**How to complete this task**
Please copy exactly the part of the records below that opens with the line containing "2023offer來襲!恭喜" and closes with the line containing "Du haut du télésiège", leaving out any pictures.

**Provided material**
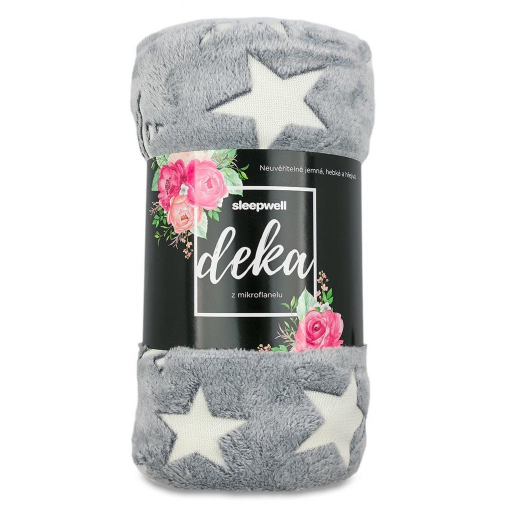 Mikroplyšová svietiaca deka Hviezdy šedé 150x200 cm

---

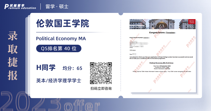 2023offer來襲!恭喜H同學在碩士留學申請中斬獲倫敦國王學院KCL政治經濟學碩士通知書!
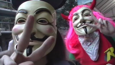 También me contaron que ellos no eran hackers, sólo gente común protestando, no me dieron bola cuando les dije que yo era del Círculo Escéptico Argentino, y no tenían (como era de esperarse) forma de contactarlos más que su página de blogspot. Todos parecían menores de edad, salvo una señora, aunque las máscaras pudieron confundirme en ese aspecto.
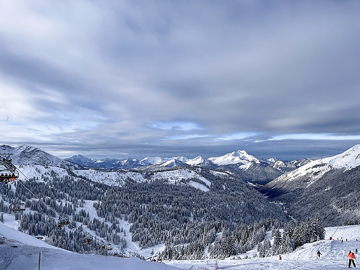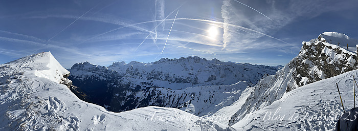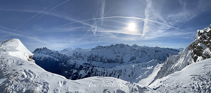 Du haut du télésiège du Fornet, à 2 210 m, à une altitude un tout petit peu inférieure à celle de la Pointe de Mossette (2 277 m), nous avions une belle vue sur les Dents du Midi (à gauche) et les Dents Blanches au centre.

**Solution**
 2023offer來襲!恭喜H同學在碩士留學申請中斬獲倫敦國王學院KCL政治經濟學碩士通知書!
 También me contaron que ellos no eran hackers, sólo gente común protestando, no me dieron bola cuando les dije que yo era del Círculo Escéptico Argentino, y no tenían (como era de esperarse) forma de contactarlos más que su página de blogspot. Todos parecían menores de edad, salvo una señora, aunque las máscaras pudieron confundirme en ese aspecto.
 Du haut du télésiège du Fornet, à 2 210 m, à une altitude un tout petit peu inférieure à celle de la Pointe de Mossette (2 277 m), nous avions une belle vue sur les Dents du Midi (à gauche) et les Dents Blanches au centre.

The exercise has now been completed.